In BCI 2000,now the step is:
the most statistically significant input feature for predicting the target label (having a p-value < 0.1) is added to the discriminant function. After each new entry to the discriminant function, a backward stepwise analysis is performed to remove the least significant input features, having p-values > 0.15.
As it showed above, the two conclusions are contradictory. I don't know how to explain.
Looking forward your answer. Thanks very much!
From: Eddy
SWLDA
-
boulay
- Posts: 382
- Joined: 25 Dec 2011, 21:14
Re: SWLDA
First, F can be directly transformed to p, so F > Fa is the same as p < pa.
I think what you're asking is how can a feature be removed from the model for failing to meet some criterion, if it is only included in the model in the first place after meeting a stricter criterion. The answer is that the F or p-value associated with a given feature will change whenever the model is changed.
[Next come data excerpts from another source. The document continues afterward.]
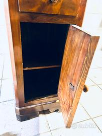 • Materiali e Finitura: Il mobile presenta una bellissima impiallacciatura in piuma di noce (o radica di noce) sul frontale del cassetto e dell'anta. Questa tecnica utilizza la parte dell'albero dove i rami si biforcano per creare quel disegno specchiato e "fiammato" molto decorativo.
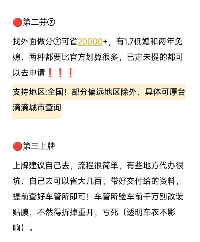 上牌建议自己去,流程很简单,有些地方代办很坑,自己去可以省大几百,带好交付给的资料,提前查好车管所即可!车管所验车前千万别改装贴膜,不然得拆掉重开,亏死(透明车衣不影响)。
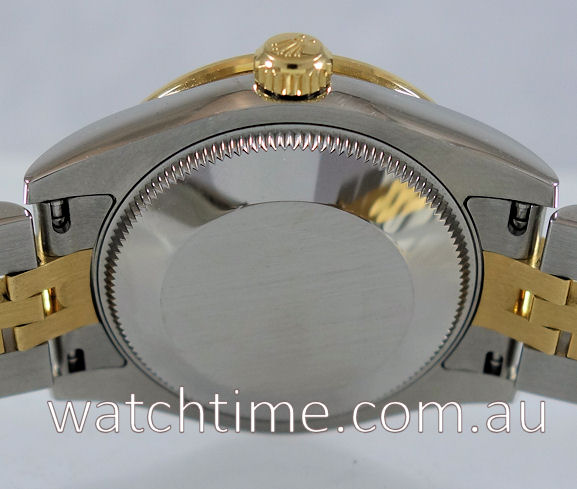 | Dial | Factory Silver sunburst Diamond dial, gold hands and date at 3 h pos. |
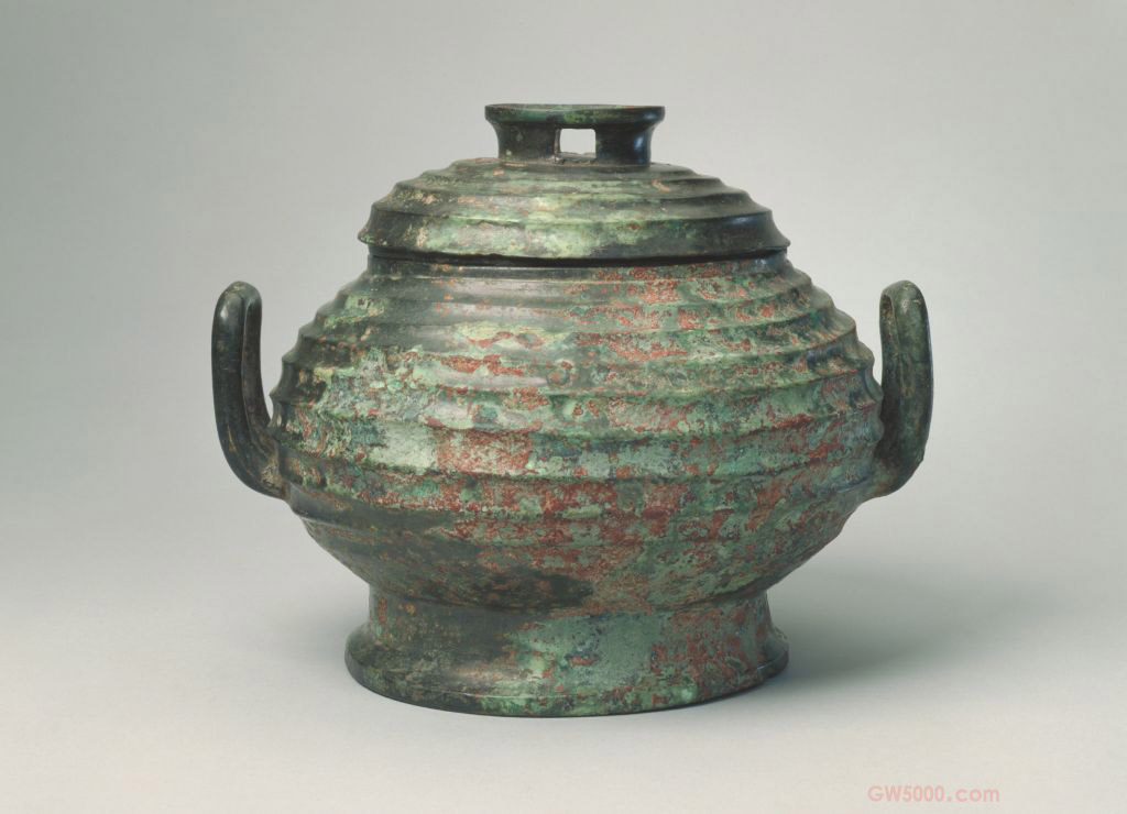 此簋敛口,鼓腹,器与盖有子母口相合,盖上捉手呈圈状,器腹两侧有附耳一对,圈足较低。通身饰瓦棱纹。
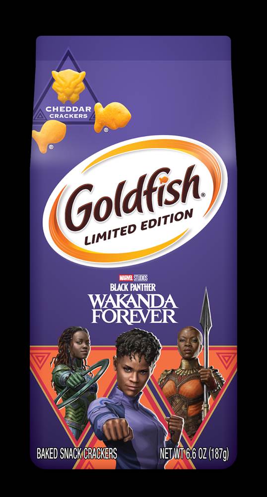 For cheesy lunchtime goodness, enjoy Kraft mac & cheese with Wakanda shaped noodles! Feeling a snack attack coming on? Goldfish crackers are a great choice, especially with a Black Panther shaped cracker in the mix.
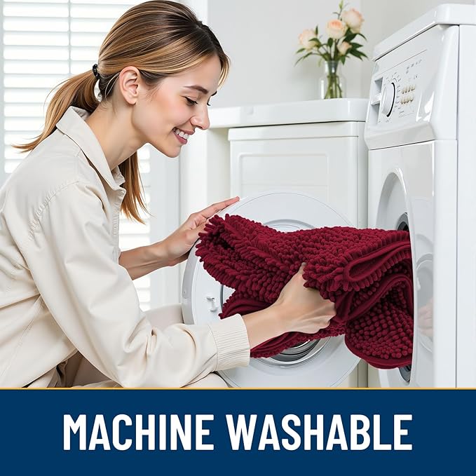 Smiry Dog Door Mat for Muddy Paws 48x30, Absorbs Moisture and Dirt Doormat, Non-Slip Washable Quick Dry Chenille Front Door Mat Indoor Entrance, Entryway Carpet for Inside Floor, Burgundy
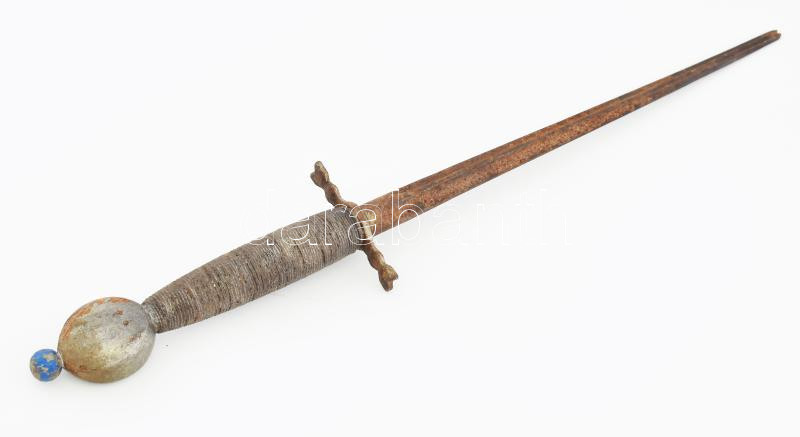 Antik tőr, festett fa markolattal, korrodált pengével, h: 47 cm https://www.darabanth.com/hu/477-Gyorsarveres/477.0/Mutargy-papirregiseg-egyeb/Fegyverek-kesek~2000008/Antik-tor-festett-fa-markolattal-korrodalt-pengevel-h-47-cm~II3252710

See the section titled "Algorithms" on MATLAB's stepwisefit page. http://www.mathworks.com/help/toolbox/s ... sefit.html
I think what you're asking is how can a feature be removed from the model for failing to meet some criterion, if it is only included in the model in the first place after meeting a stricter criterion. The answer is that the F or p-value associated with a given feature will change whenever the model is changed.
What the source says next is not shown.